Solve for x over the real numbers: x^2 (2 - x)^2 = 2 (1 - x)^2 + 1 Expand out terms of the left hand side: x^4 - 4 x^3 + 4 x^2 = 2 (1 - x)^2 + 1 Expand out terms of the right hand side: x^4 - 4 x^3 + 4 x^2 = 2 x^2 - 4 x + 3 Subtract 2 x^2 - 4 x + 3 from both sides: x^4 - 4 x^3 + 2 x^2 + 4 x - 3 = 0 The left hand side factors into a product with three terms: (x - 3) (x - 1)^2 (x + 1) = 0 Split into three equations: x - 3 = 0 or (x - 1)^2 = 0 or x + 1 = 0 Add 3 to both sides: x = 3 or (x - 1)^2 = 0 or x + 1 = 0 Take the square root of both sides: x = 3 or x - 1 = 0 or x + 1 = 0 Add 1 to both sides: x = 3 or x = 1 or x + 1 = 0 Subtract 1 from both sides: Answer: | | x = 3 or x = 1 or x = -1

Olympus_mountaineer wrote: SINAN_EXPERT wrote: Actually, I wanted to submit the questions in Bangladesh Contests(2018).

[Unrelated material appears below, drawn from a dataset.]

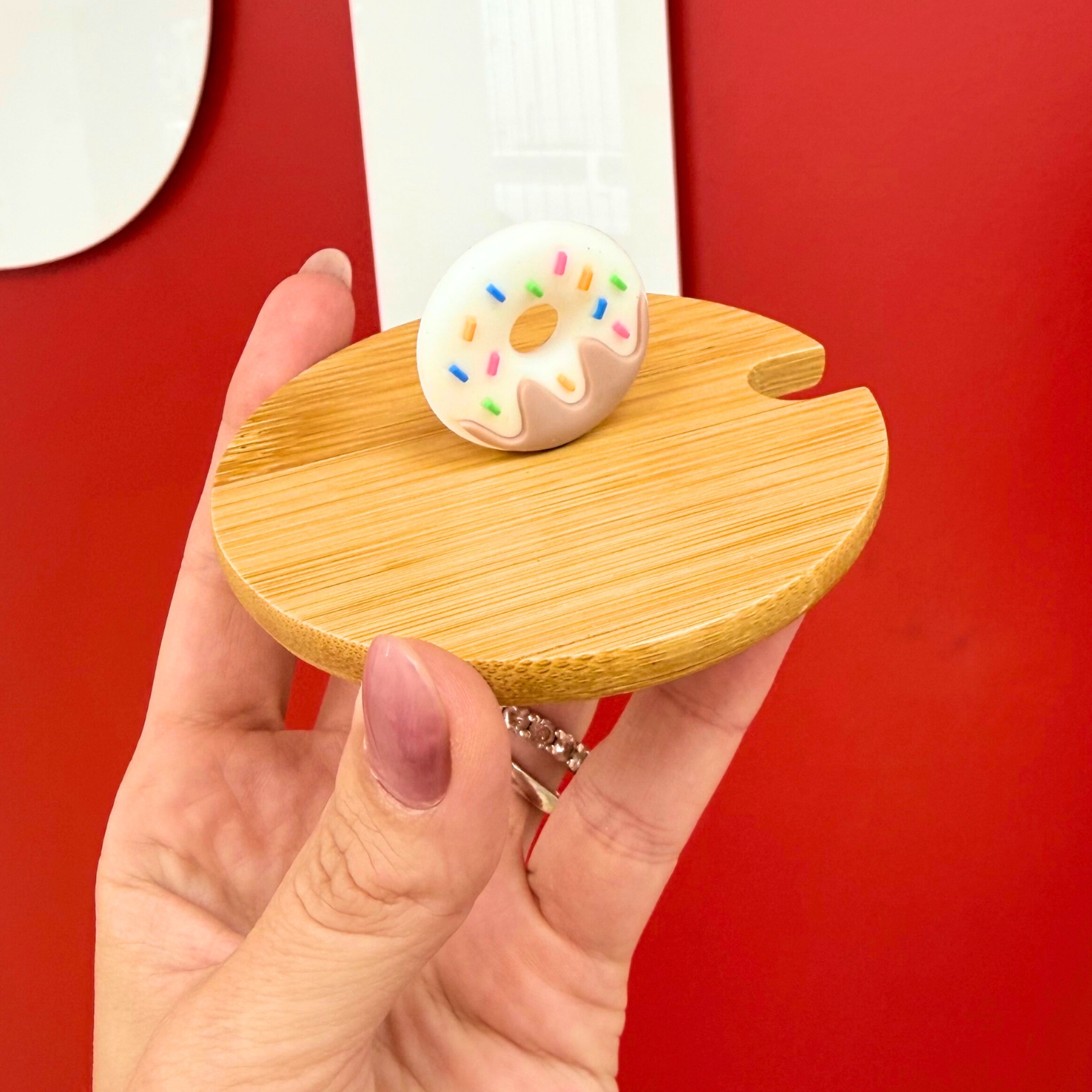Adicione mais valor às suas canecas com a tampa de bambu com puxador em formato de donut. Um acessório que une funcionalidade e apelo visual, ideal para transformar produtos simples em peças mais completas e atrativas.

Can anyone please tell me how can I do that? I have done the work for you.Posted the links of the BdMO 2018 Problems to add them at Bangladesh Contest Section. I'd like to add BdMO 2020 problem to the section. Any suggestions on How would I do that?